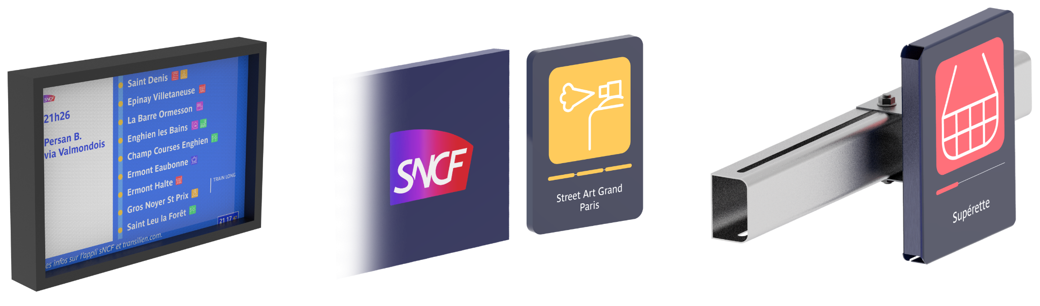 Les dispositifs proposés sont pensés comme modulables, pouvant être installés ou retirés selon l’ouverture et la fermeture des commerces ou services de proximité. Ainsi, du quai jusqu’au quartier, les usagers sont accompagnés en continu par une signalétique claire, cohérente et vivante, qui rend le parcours plus fluide et intuitif.
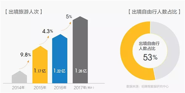 2017年全年中國公民出境游人次將達到1.28億人次,相當于日本總人口,同比2016年增長接近5%。其中,出境自由行人數占比53%。
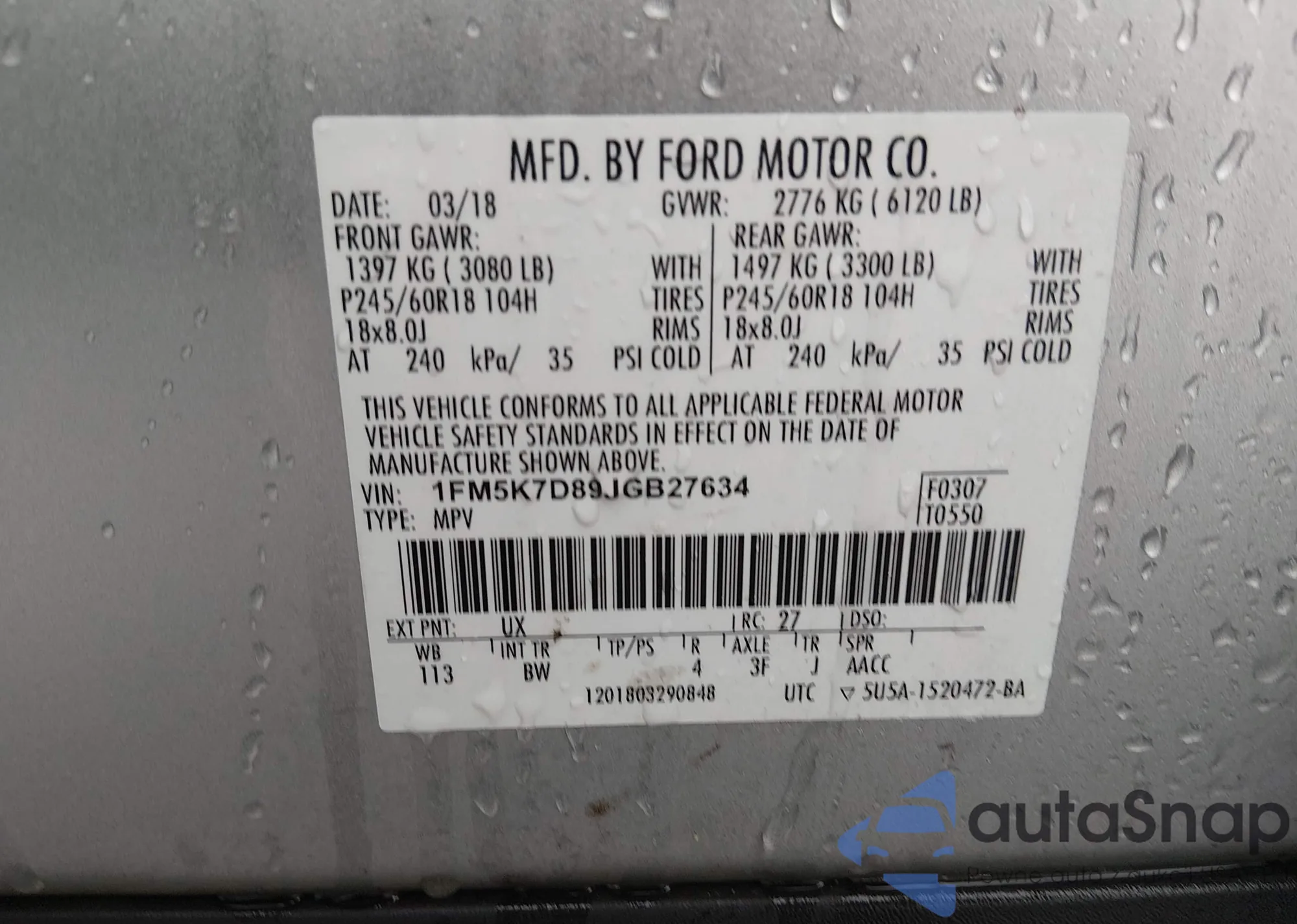 LOT: 43888575 VIN: 1FM5K7D89JGB27634
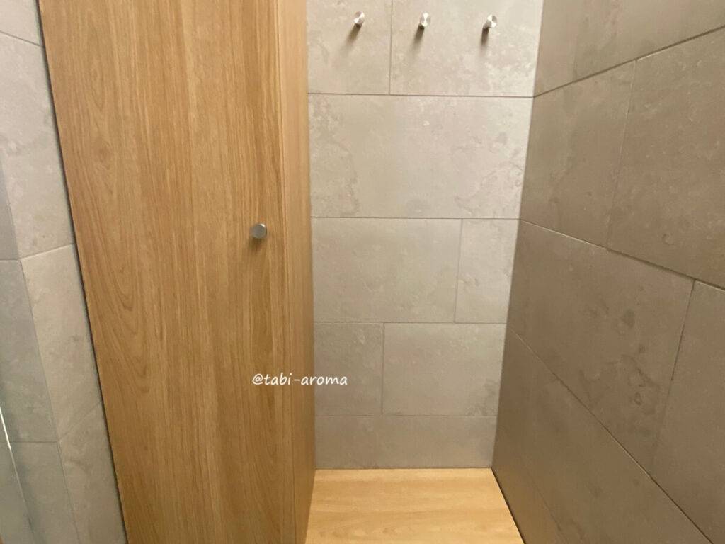 サウナはありませんが、木のぬくもりを感じるシャワールームでした。
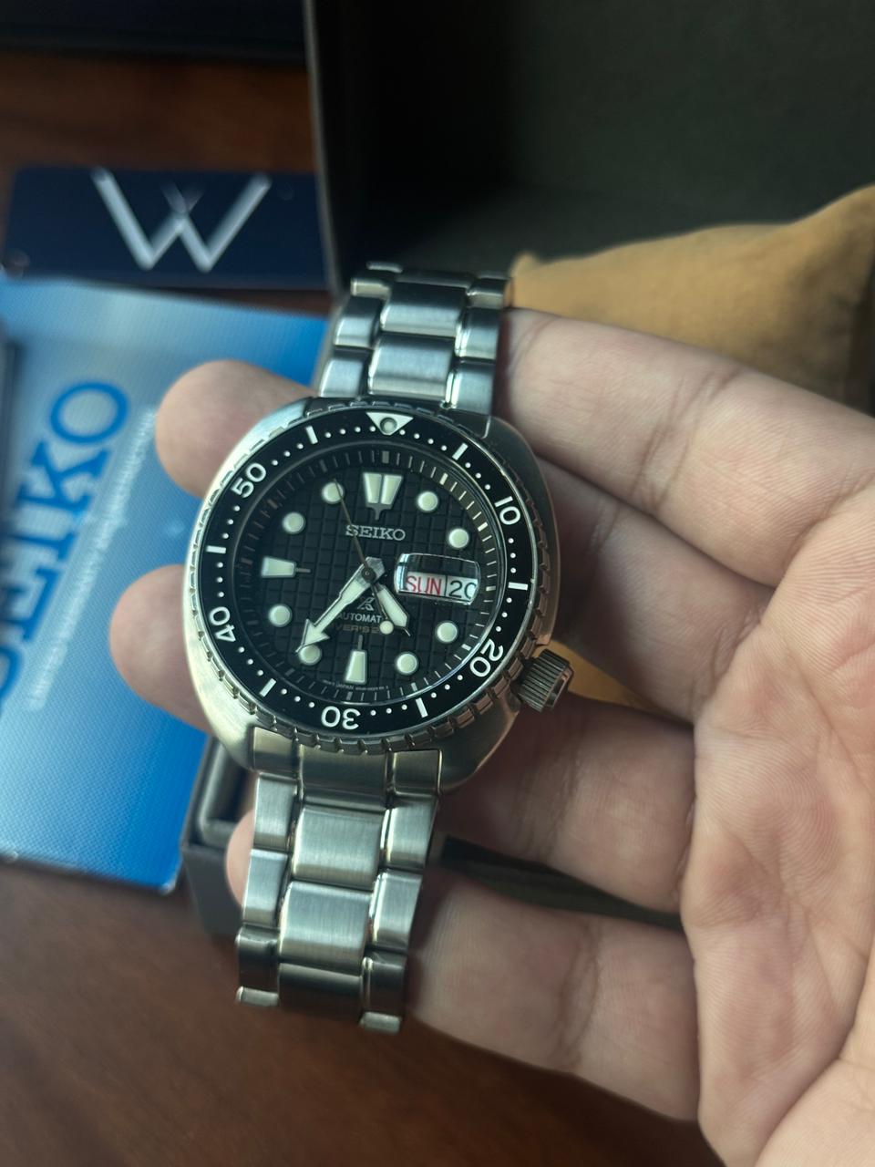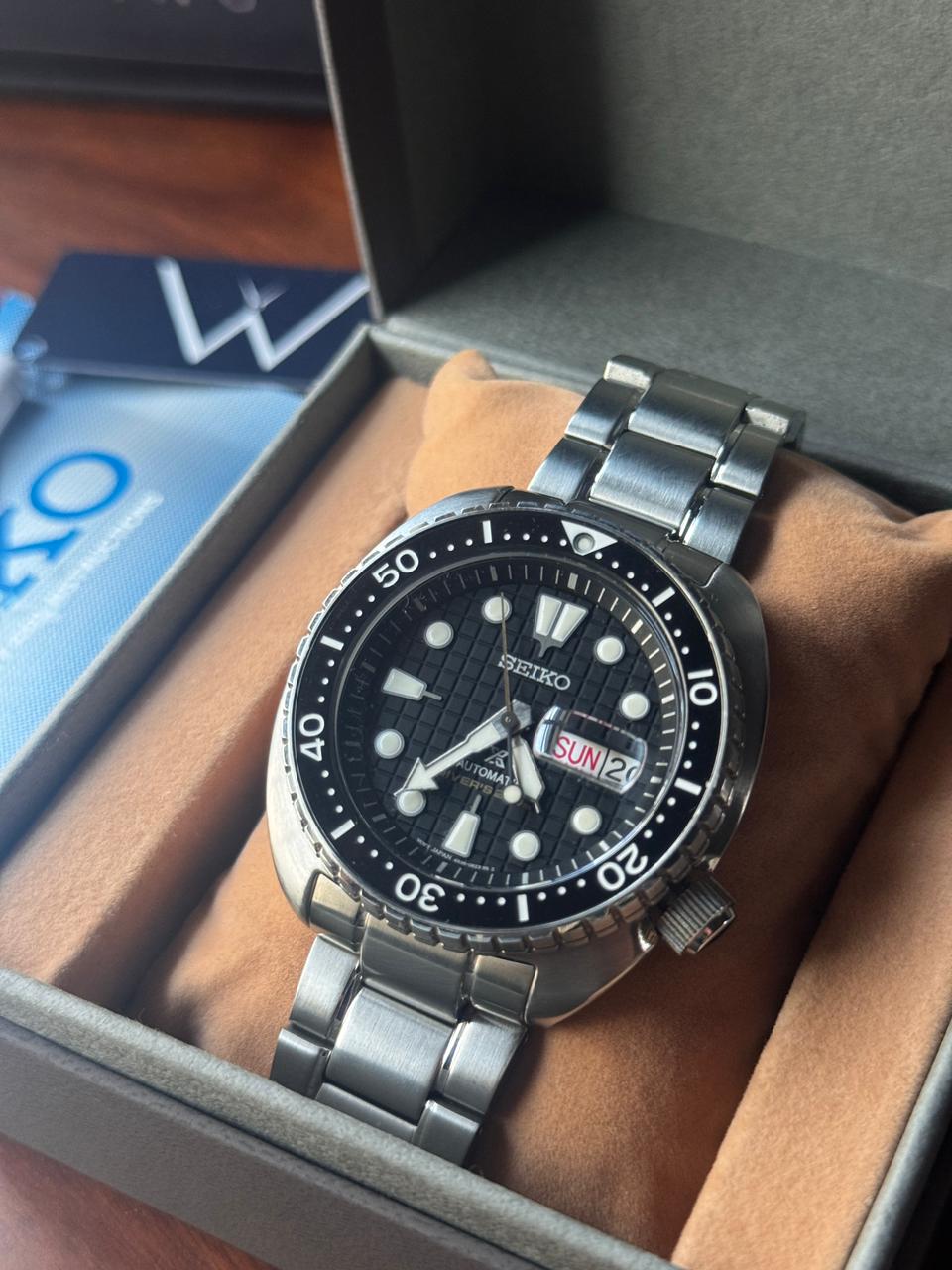The Seiko King Turtle SRPE03 is a legendary diver’s watch known for its rugged build and iconic cushion case design. Featuring a sapphire crystal and ceramic bezel, it offers enhanced durability and a premium feel over the standard Turtle models.
┄┄┄┄┄┄
=== Exercise aim ===
All lines from the one holding "LOT: 43888575 VIN: 1FM5K7D89JGB27634" through the last line of the material above should be set down exactly, and the pictures should be left out.

=== Worked solution ===
 LOT: 43888575 VIN: 1FM5K7D89JGB27634
 サウナはありませんが、木のぬくもりを感じるシャワールームでした。
The Seiko King Turtle SRPE03 is a legendary diver’s watch known for its rugged build and iconic cushion case design. Featuring a sapphire crystal and ceramic bezel, it offers enhanced durability and a premium feel over the standard Turtle models.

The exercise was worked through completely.